Returning to these new members of our Ch18 family, a family they didn't ask to join, I want them to know how amazingly they are coping, able to see things clearly as parents but also hoping and trying simultaneously to live life day to day.
When I first speak to people new to diagnoses, I realise that my questions hedge around what they know, how they speak about it, what family around them knows, how they explain to outsiders, how they talk to doctors. Language questions every one, because, of course, words are where I found sanctuary, and somewhere I think I always will.

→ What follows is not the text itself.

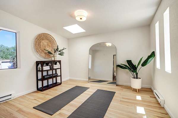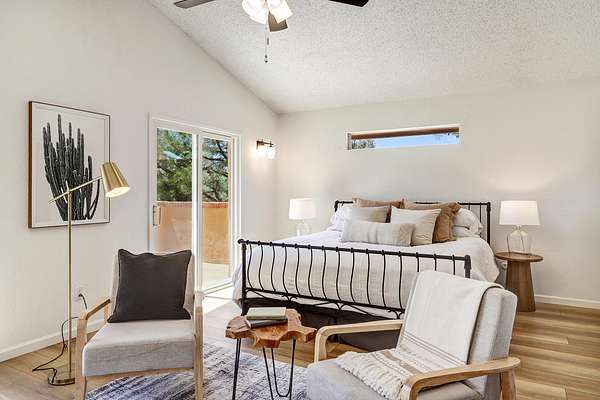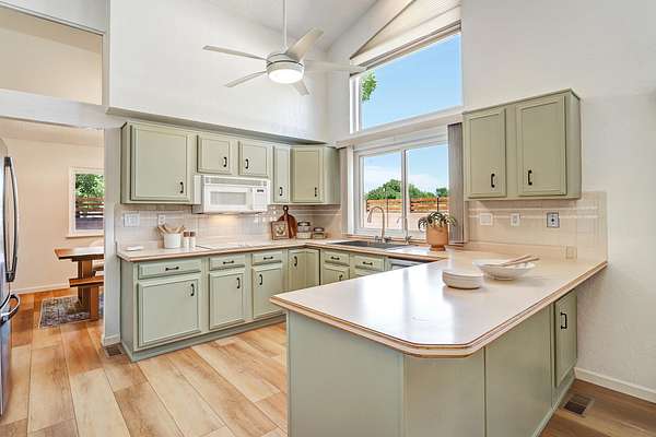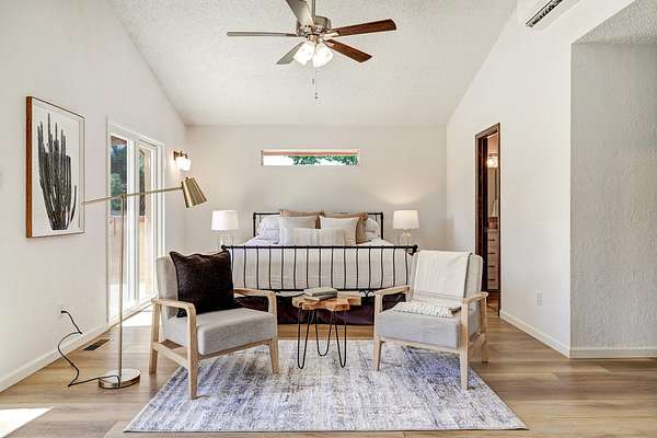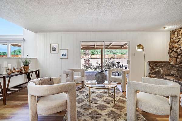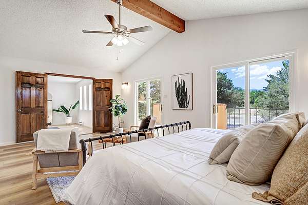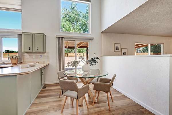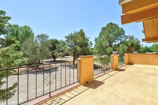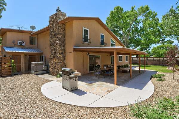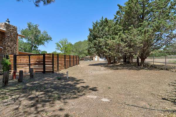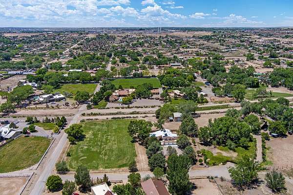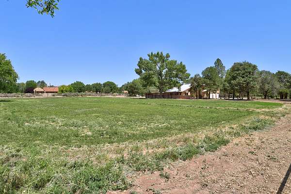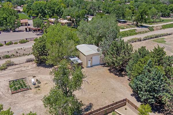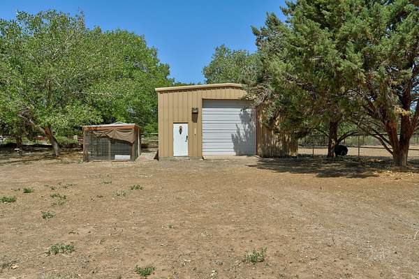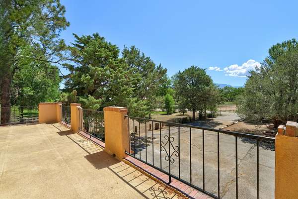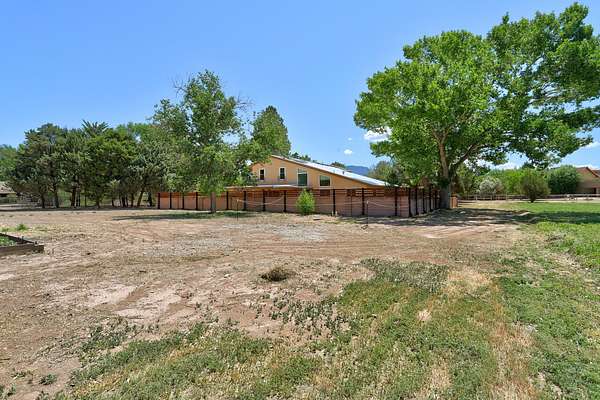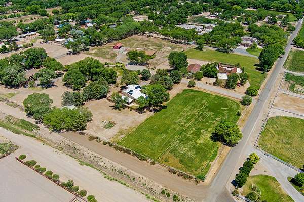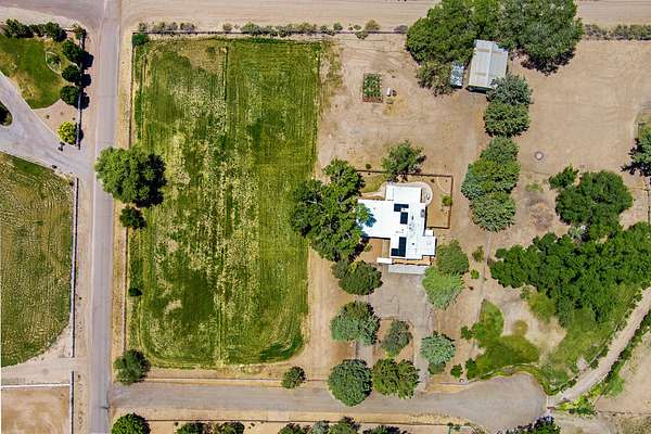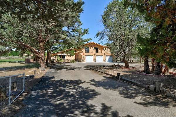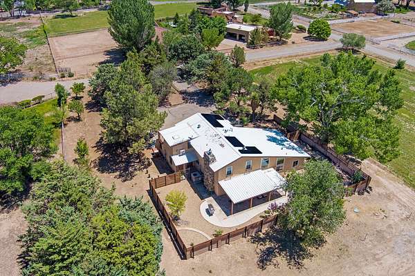 Greenbelt 2.4 acre home in the southside of Corrales. This property has been updated with a farmhouse feeling of comfort and serenity. Beautiful living starts with the entry. This house invites you in to enjoy the Lux vinyl plank flooring and new iron stair railing. Downstairs offers 2 living areas, dining room, open kitchen with lots of counter space. Enjoy a guest room and 3/4 bath downstairs, for multi-gen living. Upstairs you will find a large primary suite with an attached office/workout area and balcony. Two additional guest beds and hall bath. Enjoy the peaceful backyard and patio or raise chickens, grow crops and imagine your dream. Large metal building is 1.5 stories high and 30ft X 40ft. Enjoy refrigerated AC with the paid-off solar system to reduce your electric bills.

If not on this blog, or in my stories, then in the conversations I have with strangers and friends every hour of every day.
In our family, thanks to my funny clever husband who has come up with most of the funny titles of the stories I have written over the years, we have rhymes to ease the nagging that comes at mealtimes from the subtle issues with low muscle tone, oral weakness and neurological mal-coordination....so every meal, on and on, day by day, you can hear us all repeat...
Sit wholly over the bowly.
Sit straight over the plate.
Sit squarely on the chairly
Words
And then there are the mantras, there to lighten the dark patches...
I can do it.
I am brave and I can do it.
I am kind and clever.
We are very lucky.
Words and language sewn into our daily routines, consciously there to help make things better.
This is a blog post that has been paused for weeks on end, but finally I know why I kept it. Despite the colour blue tinging my present, and the frustration around a lack of balance and head space for all the things I want to do, words are part of my fabric and always will be.
From the words that go around my head too dangerous to be spoken; the chats with strangers that I pass by each day, the stories these strangers come to tell me; the poems and stories I write; the school sessions that help the children to trust their brains so jam packed with brilliant words and thoughts; the scripts I read and the encouragement I give.
I am steeped in words and instincts and they never fail me, even when they spend more time within me than out.